Burke Levy, P.C.

Family law will feel the impact of tax changes

In marriage, it is not uncommon for one spouse to earn significantly more than the other. Sometimes one partner chooses to stay home to raise children, or accept a lower-paying position that allows them to spend more time with family. While this can work out well during marriage, it can negatively impact a person's ability to financially support themselves after divorce. Alimony is an important aspect of Massachusetts family law that helps address this issue, but changes to the tax laws could affect these payments.
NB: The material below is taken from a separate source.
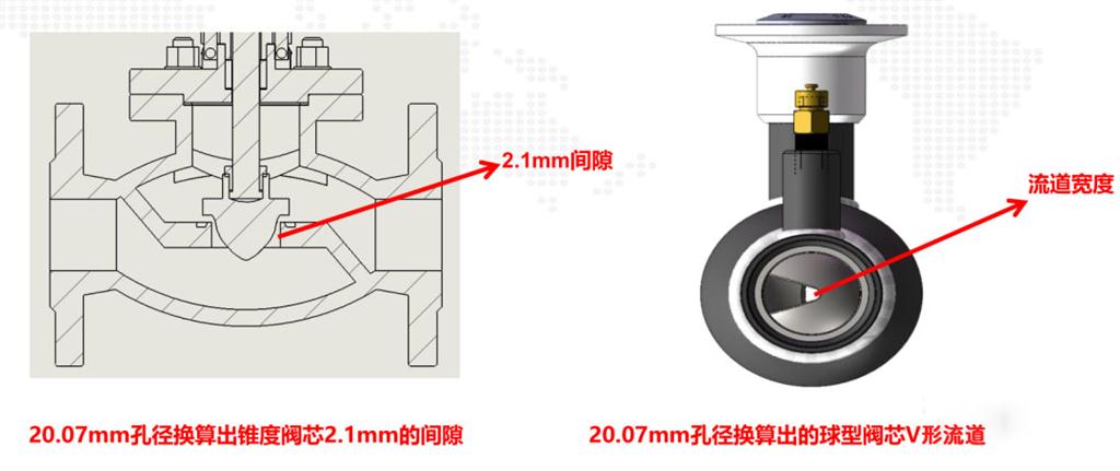 以DN50為例: 同樣是1米壓差下,通過3m³/h流量。左邊圖:是錐度閥芯2.1mm調(diào)節(jié)間隙,右邊圖是球型閥芯W(wǎng)口的流道寬度。通過對比,哪一種更適合目前的供熱系統(tǒng),可一目了然。

The recently enacted changes to the Internal Revenue Code flip how each ex-spouse will pay taxes for alimony. Currently, the person paying spousal support can deduct his or her payments on their taxes. The recipient, however, owes taxes on the amount received. This usually nets an overall savings between the two. However, starting in 2019, this is going to be reversed -- recipients will no longer pay taxes on spousal support, while deductions for those who pay will disappear.

These changes will likely have a profound impact on how spousal support is handled in the future. Opponents of the change are worried that it will decrease how much support people are able to afford. One expert predicted that payments will decrease up to 15 percent after 2019, when the tax changes officially go into effect.

As long as the process is finalized prior to 2019, Massachusetts couples currently divorcing will likely not have to worry about these changes. However, there are still tax considerations to contemplate regarding spousal support, property division and other important family law matters. Understanding how taxes apply to these issues can help couples reach the most appropriate divorce settlement possible.